Рена наливает Ингрид чай, пытаясь быть милой и нежной, но чувствует себя хмурой злючкой. Ей совсем не хочется делиться доброй вестью, принесенной пассатом Алиуна. Все слишком зыбко.
На кухне повисает тяжелая тишина.
Вот и Симон. Наконец-то…
— Все в порядке, папа? — хором спрашивают женщины.
Он что-то бурчит в ответ, улыбается, чтобы развеять их тревогу, и плотно завтракает. Потом говорит:
— Может, посидим в гостиной и все обсудим?
Рена вглядывается в чудесное воскресное утро: в природе царит покой, солнце сияет, освещая немыслимо прекрасные холмы Кьянти. Золото! Золото виноградников и октябрьский багрец дубов, лиловость верещатника и лаванды, пейзажи, скопированные с полотен Леонардо. Радует глаз мебель из полированного дерева, полки с книгами и архитектурными журналами покойного любовника хозяйки, керамические чашки. Каждая вещь знает свое место. Сегодня им доступно все, что угодно, а ее отец хочет… обсуждать.
— Когда я пять лет назад вышел на пенсию, мы подновили уэстмаунтский дом. У меня была мечта — как можно чаще принимать у себя друзей. Увы — мои фантазии о веселых посиделках не воплотились в жизнь… возможно, потому, что люди, принимая приглашение, чувствуют себя обязанными устроить ответный прием… Или… не знаю… Наверное, Ингрид стало тяжело всем этим заниматься.
Ингрид собирается с духом, колеблется и все-таки решается.
— Не хочу упрекать тебя, папа, — произносит она дрожащим голосом, — но сам подумай, как звать гостей, если даже обеденный стол завален твоими бумагами?!
Данте не предусмотрел отдельного круга ада, где до скончания времен будет спорить мой отец…
— Я старею, Рена, мне все труднее мыслить ясно и четко. Каждый день сил хватает на час-другой — и то, если я хорошо спал! если лекарства меня не пришибли!

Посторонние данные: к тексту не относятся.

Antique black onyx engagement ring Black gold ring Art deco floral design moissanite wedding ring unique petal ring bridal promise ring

Было бы грешно тратить время на механическую работу по сортировке и выбросу ненужного, лучше сделать что-нибудь… ну… творческое.

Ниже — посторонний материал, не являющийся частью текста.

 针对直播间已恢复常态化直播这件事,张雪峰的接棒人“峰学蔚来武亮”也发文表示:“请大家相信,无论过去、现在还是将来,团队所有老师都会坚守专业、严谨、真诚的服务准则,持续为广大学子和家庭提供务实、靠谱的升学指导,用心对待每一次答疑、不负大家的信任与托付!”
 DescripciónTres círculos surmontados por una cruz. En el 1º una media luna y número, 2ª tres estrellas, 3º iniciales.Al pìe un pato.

Половина двенадцатого. Скоро вернется Гайя, а они все сидят. Можно, конечно, забыть о Вольтерре и удовольствоваться Сан-Джиминьяно, почему нет?
В Равенне Данте садился за стол, брал чистый лист бумаги и перо, рисовал и описывал нарисованное.

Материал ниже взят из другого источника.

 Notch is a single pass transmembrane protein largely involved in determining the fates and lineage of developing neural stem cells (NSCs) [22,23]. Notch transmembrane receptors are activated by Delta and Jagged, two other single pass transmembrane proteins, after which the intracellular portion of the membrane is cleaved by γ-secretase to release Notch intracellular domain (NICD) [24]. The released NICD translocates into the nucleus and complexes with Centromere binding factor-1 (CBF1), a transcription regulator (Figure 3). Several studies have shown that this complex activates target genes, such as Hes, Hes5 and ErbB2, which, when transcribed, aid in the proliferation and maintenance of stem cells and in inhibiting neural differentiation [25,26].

«Вот так же и я переступаю порог моей темной комнаты, закрываю за собой дверь и оказываюсь наедине со священным, готовым к работе, чистым и пустым пространством. Беру ванночки, отмеряю состав для девяти частей воды, достаю негативы, обмахиваю их кисточкой и сую в увеличитель — гладкой поверхностью вверх, матовой — вниз, выбираю фильтр и бумагу, правлю резак, хватаю лупу и начинаю изучать расположение мельчайших зерен галогенидов серебра. Теперь все готово — включая тишину, — и я начинаю экспонировать. Довольная, собранная, отрешившаяся от внешнего мира, я отсчитываю секунды, зажигаю свет, гашу свет, экспонирую, обрабатываю, переделываю, улучшаю, останавливаюсь, экспонирую…
Кадрировать — вот что самое главное. Нужно уметь исключать. Некоторые вещи должны оставаться за кадром. Всеобъемлющ только Всевышний.
Невозможно, вот ведь горе, положить на стол отца листок бумаги! Стол давно исчез под Джомолунгмой[177] бумаг. Вещи срочные и пустые, прекрасные и раздражающие, перемешанные, запутанные, змеи Лаокоона, постоянное обвиняющее моргание прошлого, которое душит любое будущее. Старые коробки с приглашениями, проспектами, письмами, счетами, газетными вырезками, журналами, рекламными листовками, программками концертов, каракули, изображающие химические формулы, фотографии, школьные бюллетени выросших детей. Мучительный оскал африканки, умирающей от СПИДа, соседствует с веселой улыбкой буддийского монаха…Фотокопия раннего стихотворения Леонарда Коэна подкололась к последнему утешающему письму моей тети Деборы, ставшей на старости лет набожной сионисткой. Рентгеновские снимки тазобедренного сустава придавливают разрозненные номера журнала “Мозг”[178], страдания устраивают давку, воспоминания дерут горло, напоминания налоговой инспекции сучат ногами от нетерпения.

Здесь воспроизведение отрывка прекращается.